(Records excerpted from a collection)
+---+
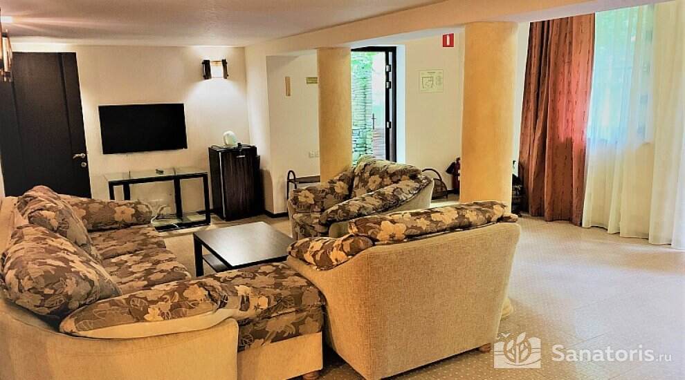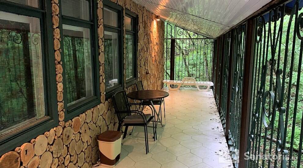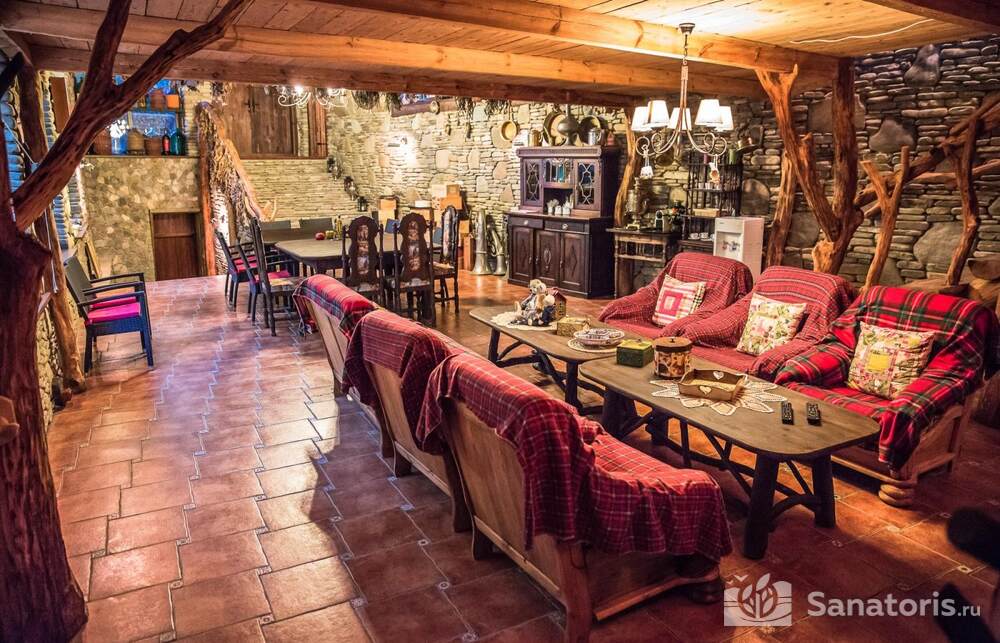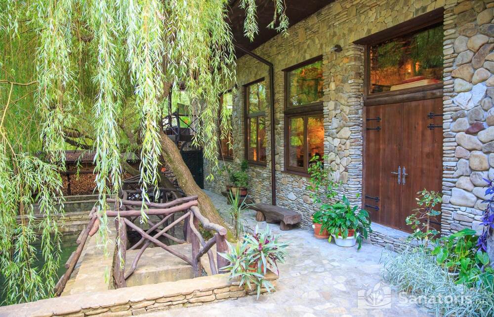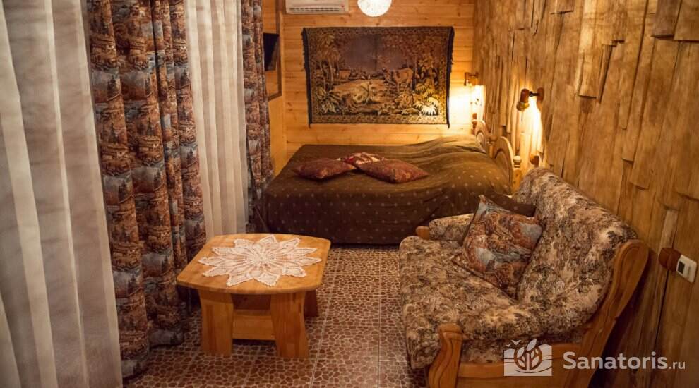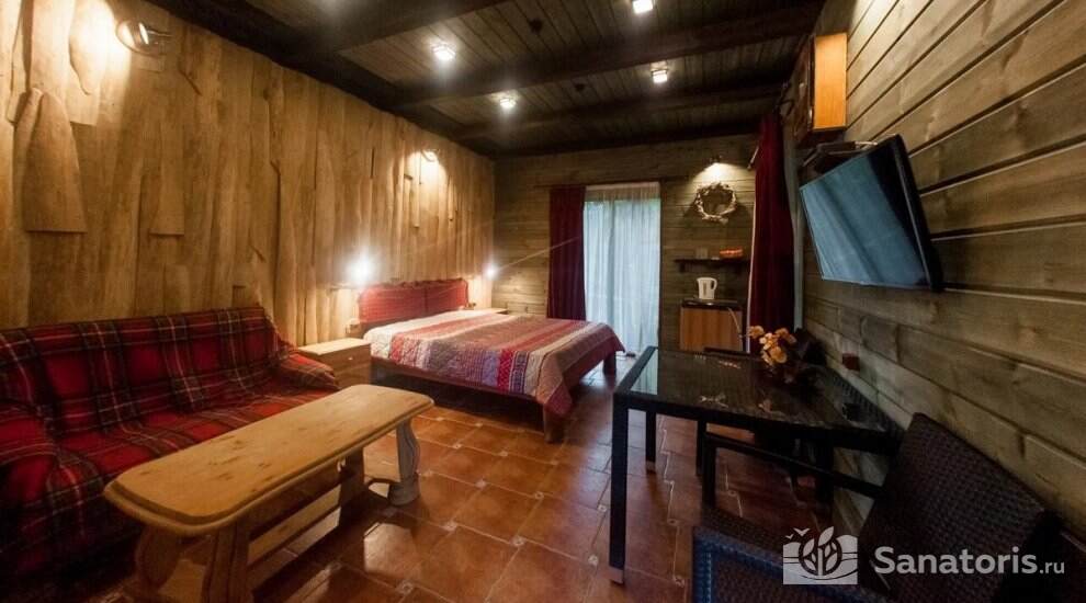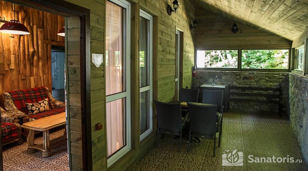Возле коттеджей оборудованы прогулочные аллеи ил природного камня. Постояльцам в номера подается минеральная вода с горной скважины. Она обладает целебными свойствами, поэтому ее часто называют живой. Приехать на отдых и оздоровление можно в любое время года.
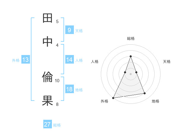 田中 倫果さんの総格は27画の3点!
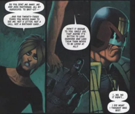Edit. Vienna Pasternak or Dredd is Judge Dredd's niece, the daughter of his corrupt brother Rico Dredd, and was orphaned when Dredd was forced to kill her father. It has been shown that Vienna is the only thing in the world Dredd cares about besides the law.
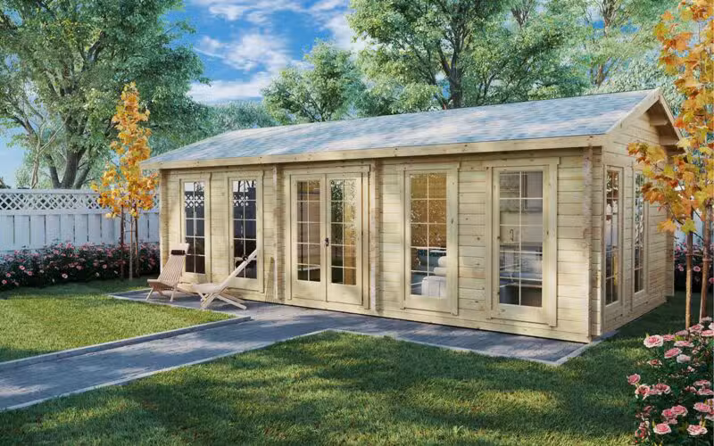 Our standard cabin kits have so many premium features. You can hardly find a garden log cabin with similar quality and premium cabin equipment as our standard summer house sets.
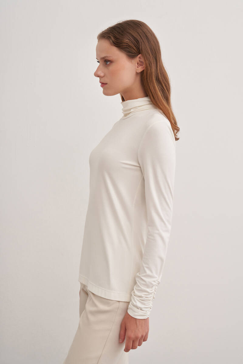 Ekru Omuzları Büzgü Detaylı Dokuma Kolsuz Bluz
+---+
**EXERCISE DIRECTIONS:** Retype the line containing "Edit. Vienna Pasternak" and each line after it through the last line of the entries above, exactly, with no pictures and nothing else.

**RESPONSE:**
Edit. Vienna Pasternak or Dredd is Judge Dredd's niece, the daughter of his corrupt brother Rico Dredd, and was orphaned when Dredd was forced to kill her father. It has been shown that Vienna is the only thing in the world Dredd cares about besides the law.
 Our standard cabin kits have so many premium features. You can hardly find a garden log cabin with similar quality and premium cabin equipment as our standard summer house sets.
 Ekru Omuzları Büzgü Detaylı Dokuma Kolsuz Bluz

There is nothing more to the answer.